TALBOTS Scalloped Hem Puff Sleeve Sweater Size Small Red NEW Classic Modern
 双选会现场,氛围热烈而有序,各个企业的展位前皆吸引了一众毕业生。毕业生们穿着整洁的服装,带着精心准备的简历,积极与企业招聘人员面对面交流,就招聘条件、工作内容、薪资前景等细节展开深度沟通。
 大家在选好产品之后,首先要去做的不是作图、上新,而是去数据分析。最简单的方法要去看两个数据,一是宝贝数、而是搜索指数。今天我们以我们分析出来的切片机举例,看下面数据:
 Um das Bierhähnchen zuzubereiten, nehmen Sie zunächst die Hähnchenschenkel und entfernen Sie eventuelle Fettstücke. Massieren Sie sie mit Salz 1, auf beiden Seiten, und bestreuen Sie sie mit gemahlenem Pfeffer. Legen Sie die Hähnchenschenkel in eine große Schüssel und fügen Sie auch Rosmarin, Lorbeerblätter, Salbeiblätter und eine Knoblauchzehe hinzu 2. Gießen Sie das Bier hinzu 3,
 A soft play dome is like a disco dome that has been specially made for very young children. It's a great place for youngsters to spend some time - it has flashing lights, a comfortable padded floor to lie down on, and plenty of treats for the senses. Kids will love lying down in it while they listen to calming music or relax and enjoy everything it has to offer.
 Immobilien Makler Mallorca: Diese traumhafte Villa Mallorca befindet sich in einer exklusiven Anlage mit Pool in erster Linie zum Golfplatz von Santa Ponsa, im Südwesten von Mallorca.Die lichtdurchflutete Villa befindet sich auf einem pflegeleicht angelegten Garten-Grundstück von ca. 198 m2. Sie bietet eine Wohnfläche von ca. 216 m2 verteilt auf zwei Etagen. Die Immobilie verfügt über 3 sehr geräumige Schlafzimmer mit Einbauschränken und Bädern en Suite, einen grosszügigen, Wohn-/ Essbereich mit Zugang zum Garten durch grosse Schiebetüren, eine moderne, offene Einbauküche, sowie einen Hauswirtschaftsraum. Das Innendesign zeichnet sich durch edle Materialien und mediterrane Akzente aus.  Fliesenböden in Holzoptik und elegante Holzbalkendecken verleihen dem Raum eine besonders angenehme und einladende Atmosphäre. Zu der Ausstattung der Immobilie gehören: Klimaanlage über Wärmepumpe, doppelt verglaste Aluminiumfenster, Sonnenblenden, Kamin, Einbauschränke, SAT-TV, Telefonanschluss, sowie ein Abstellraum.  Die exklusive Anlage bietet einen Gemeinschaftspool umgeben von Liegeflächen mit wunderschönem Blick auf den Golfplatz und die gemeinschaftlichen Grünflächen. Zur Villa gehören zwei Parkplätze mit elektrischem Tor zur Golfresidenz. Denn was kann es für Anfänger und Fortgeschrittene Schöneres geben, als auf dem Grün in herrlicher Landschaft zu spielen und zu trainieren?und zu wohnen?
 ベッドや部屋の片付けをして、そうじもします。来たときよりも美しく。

...

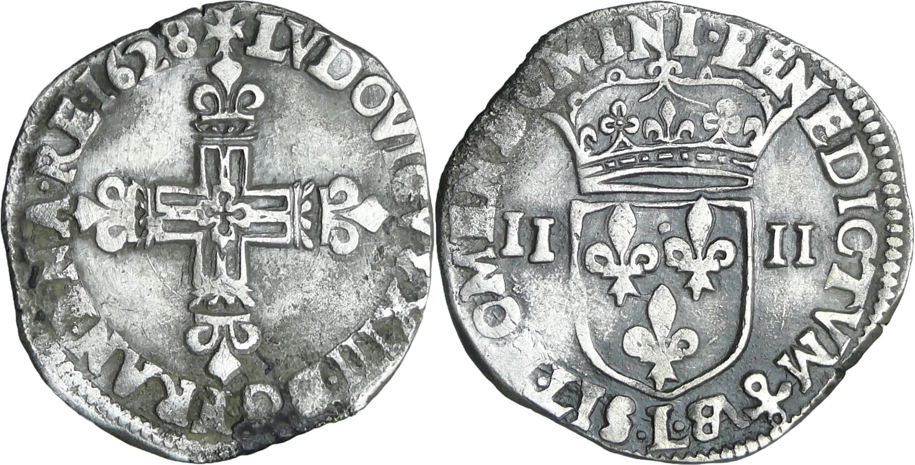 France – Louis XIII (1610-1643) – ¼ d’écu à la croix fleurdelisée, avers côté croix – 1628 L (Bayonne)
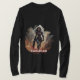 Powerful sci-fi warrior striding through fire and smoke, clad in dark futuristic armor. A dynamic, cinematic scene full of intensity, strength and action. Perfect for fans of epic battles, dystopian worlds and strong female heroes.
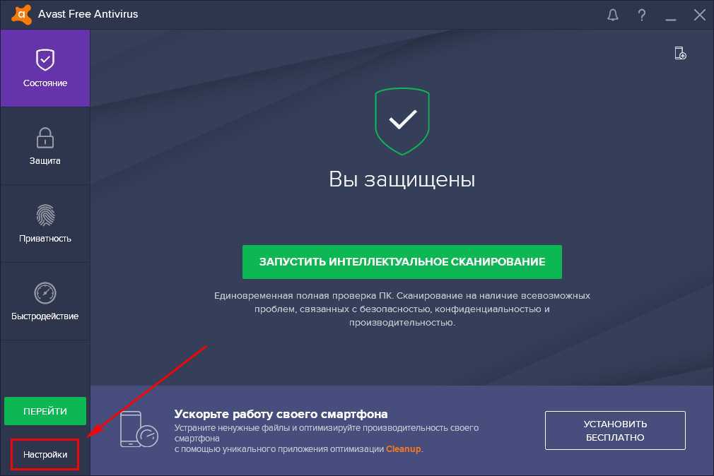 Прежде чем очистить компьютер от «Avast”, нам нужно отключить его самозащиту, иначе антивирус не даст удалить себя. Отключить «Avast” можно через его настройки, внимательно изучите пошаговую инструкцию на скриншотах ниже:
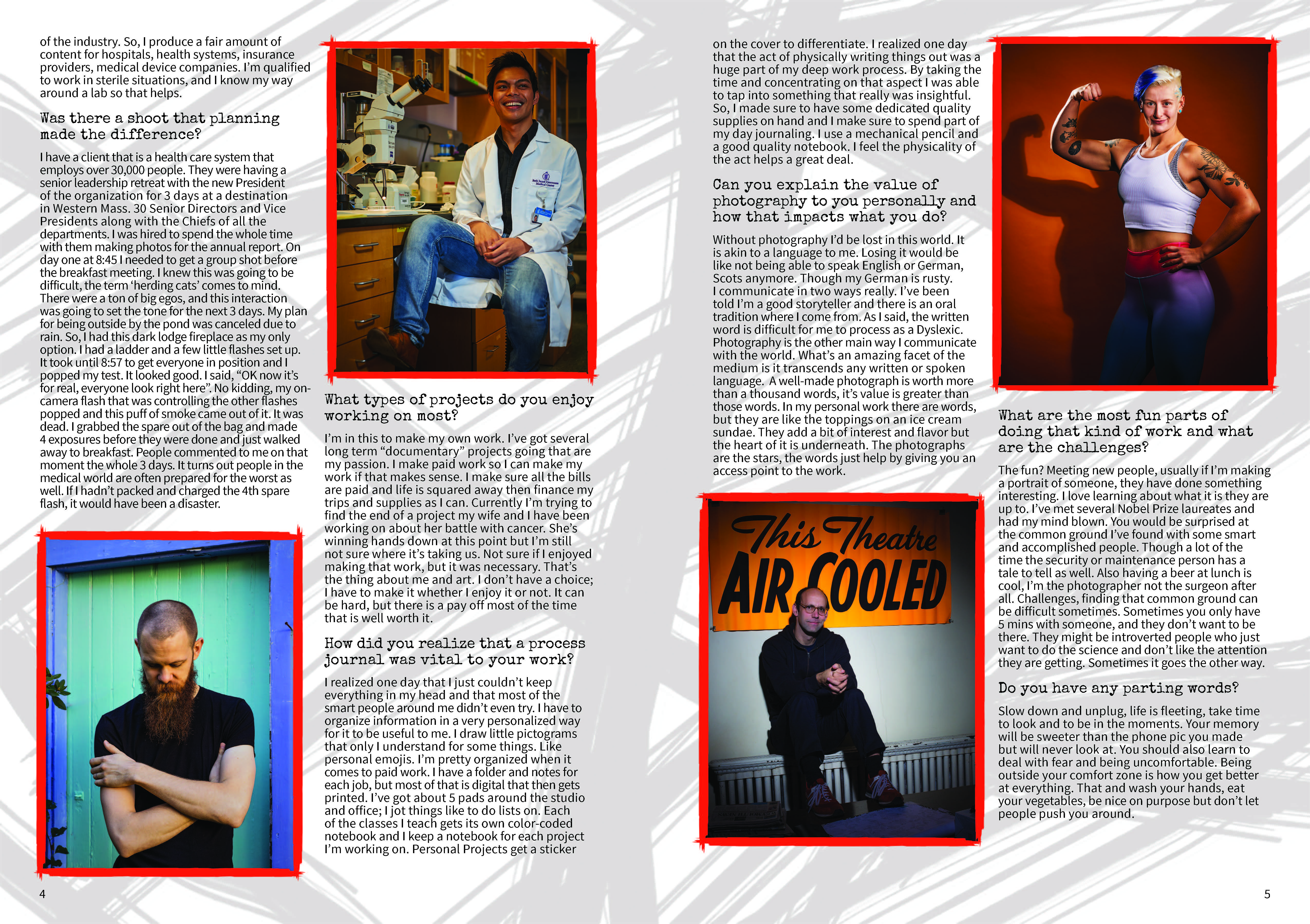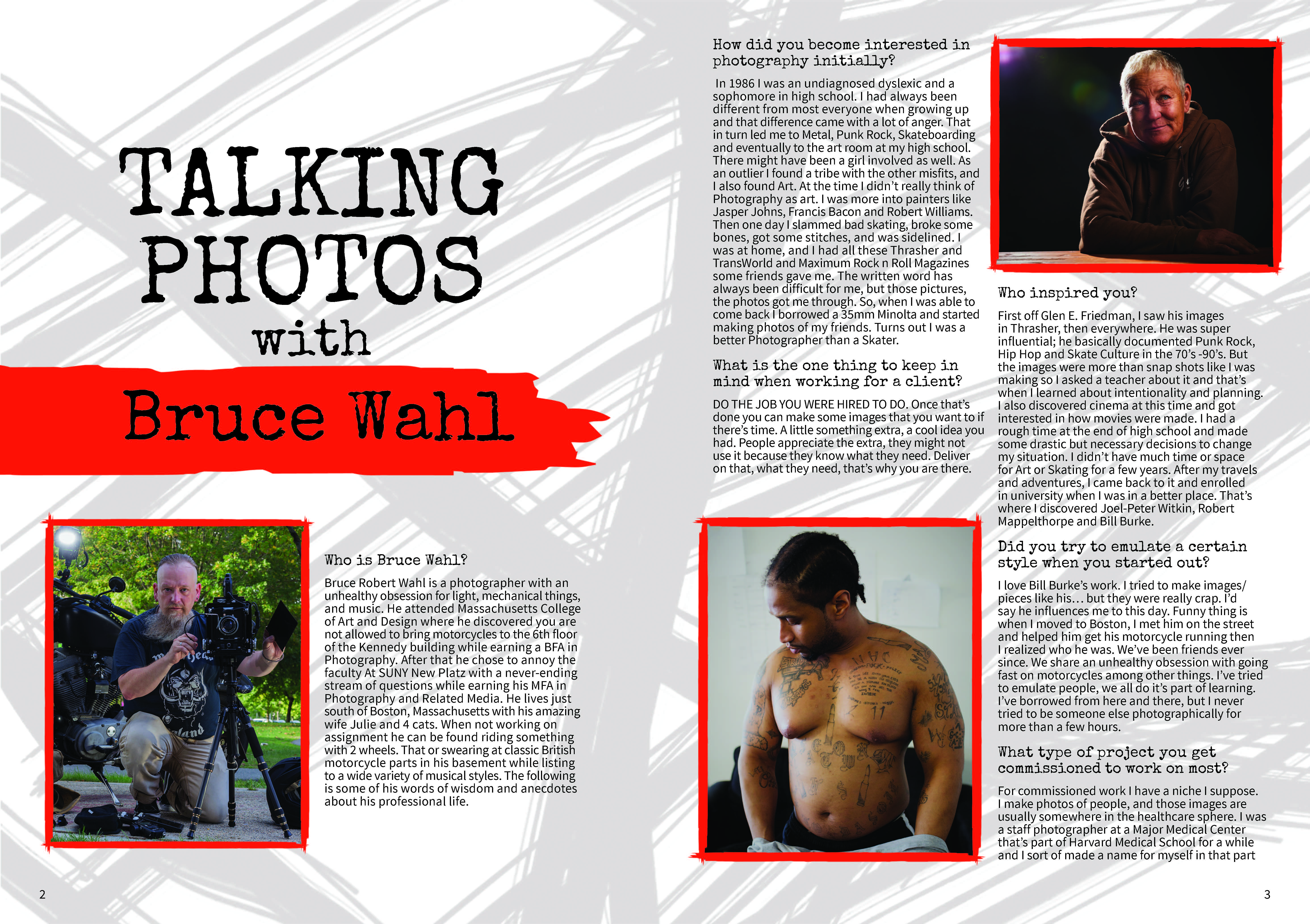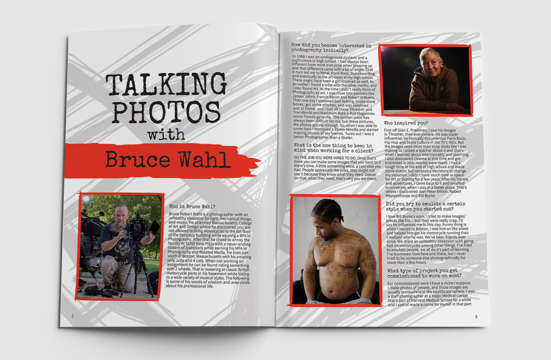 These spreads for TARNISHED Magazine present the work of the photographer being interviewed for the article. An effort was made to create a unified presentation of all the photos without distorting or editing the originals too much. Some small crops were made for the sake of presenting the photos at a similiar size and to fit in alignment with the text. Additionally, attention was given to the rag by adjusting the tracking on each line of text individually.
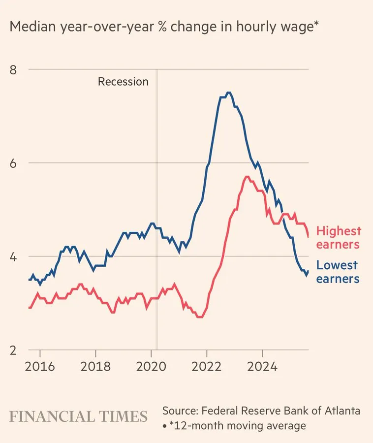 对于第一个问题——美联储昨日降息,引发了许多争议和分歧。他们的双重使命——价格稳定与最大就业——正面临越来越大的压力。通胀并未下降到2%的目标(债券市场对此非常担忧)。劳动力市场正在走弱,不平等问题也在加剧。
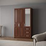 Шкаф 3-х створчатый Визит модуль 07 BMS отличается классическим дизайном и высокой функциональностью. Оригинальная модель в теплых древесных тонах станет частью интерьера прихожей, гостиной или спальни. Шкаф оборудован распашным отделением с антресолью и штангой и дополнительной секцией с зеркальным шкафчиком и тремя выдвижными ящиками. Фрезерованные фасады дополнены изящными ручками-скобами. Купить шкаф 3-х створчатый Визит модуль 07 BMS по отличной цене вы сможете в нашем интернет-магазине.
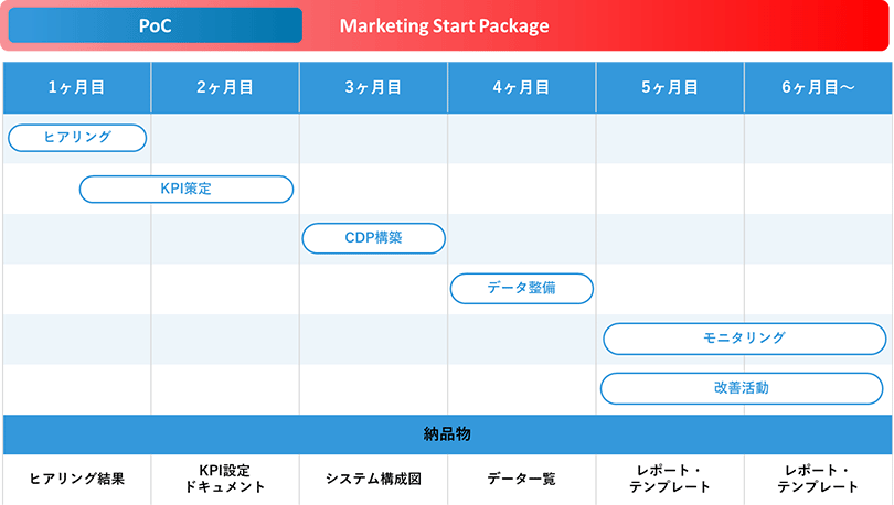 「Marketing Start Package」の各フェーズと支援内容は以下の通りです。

* * *

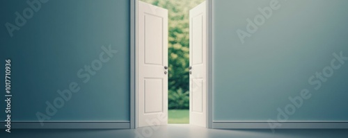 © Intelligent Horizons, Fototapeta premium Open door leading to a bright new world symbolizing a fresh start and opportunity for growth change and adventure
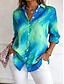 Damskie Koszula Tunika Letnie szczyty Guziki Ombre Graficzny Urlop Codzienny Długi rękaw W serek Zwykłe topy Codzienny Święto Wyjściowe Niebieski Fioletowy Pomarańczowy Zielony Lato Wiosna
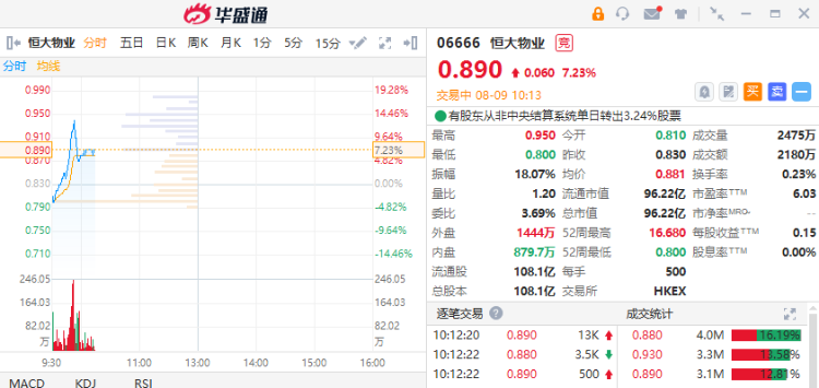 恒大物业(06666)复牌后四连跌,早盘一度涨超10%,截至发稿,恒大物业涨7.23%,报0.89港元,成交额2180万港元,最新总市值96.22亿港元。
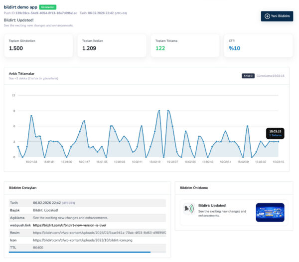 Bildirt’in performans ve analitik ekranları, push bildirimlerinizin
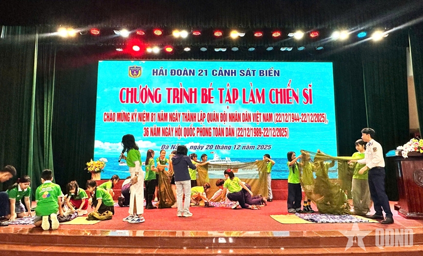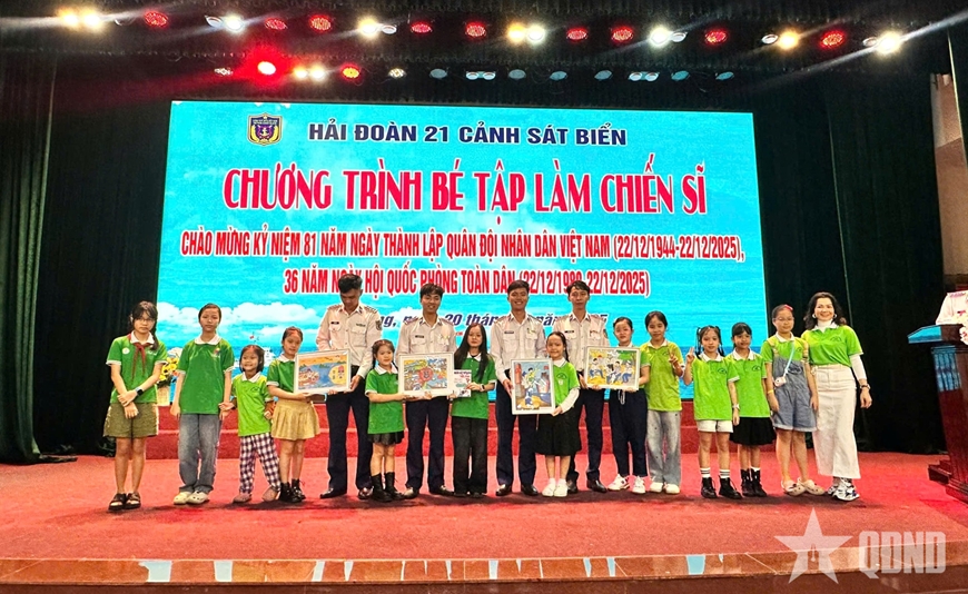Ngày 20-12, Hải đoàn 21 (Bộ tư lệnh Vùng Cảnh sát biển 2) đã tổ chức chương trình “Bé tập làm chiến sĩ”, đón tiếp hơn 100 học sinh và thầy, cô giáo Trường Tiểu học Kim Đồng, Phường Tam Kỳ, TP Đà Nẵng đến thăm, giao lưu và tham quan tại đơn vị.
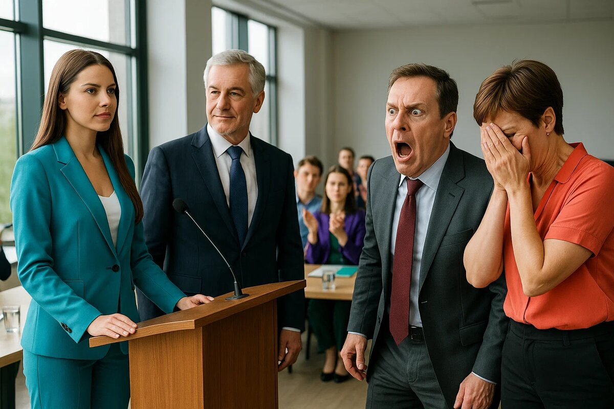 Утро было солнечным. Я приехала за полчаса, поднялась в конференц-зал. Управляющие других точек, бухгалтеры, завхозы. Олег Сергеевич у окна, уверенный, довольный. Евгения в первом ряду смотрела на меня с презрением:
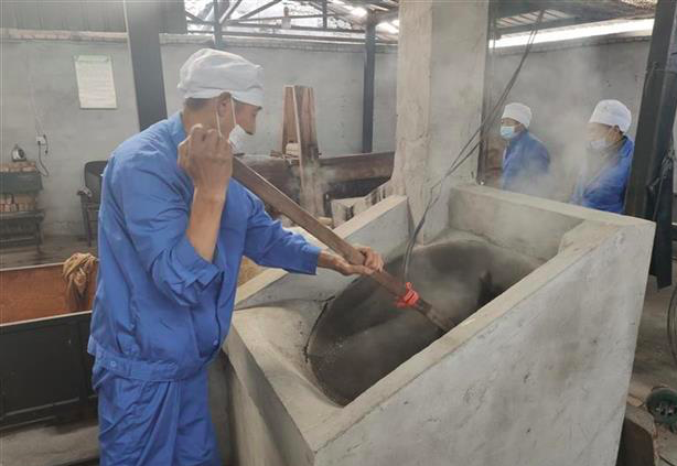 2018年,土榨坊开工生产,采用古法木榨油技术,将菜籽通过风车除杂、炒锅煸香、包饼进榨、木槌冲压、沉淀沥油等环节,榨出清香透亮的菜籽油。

» Task goal: When copying from the data above, begin at the line containing "Powerful sci-fi warrior" and end at the line containing "These spreads for"; return those lines exactly and leave all pictures behind.

» Written solution:
 Powerful sci-fi warrior striding through fire and smoke, clad in dark futuristic armor. A dynamic, cinematic scene full of intensity, strength and action. Perfect for fans of epic battles, dystopian worlds and strong female heroes.
 Прежде чем очистить компьютер от «Avast”, нам нужно отключить его самозащиту, иначе антивирус не даст удалить себя. Отключить «Avast” можно через его настройки, внимательно изучите пошаговую инструкцию на скриншотах ниже:
 These spreads for TARNISHED Magazine present the work of the photographer being interviewed for the article. An effort was made to create a unified presentation of all the photos without distorting or editing the originals too much. Some small crops were made for the sake of presenting the photos at a similiar size and to fit in alignment with the text. Additionally, attention was given to the rag by adjusting the tracking on each line of text individually.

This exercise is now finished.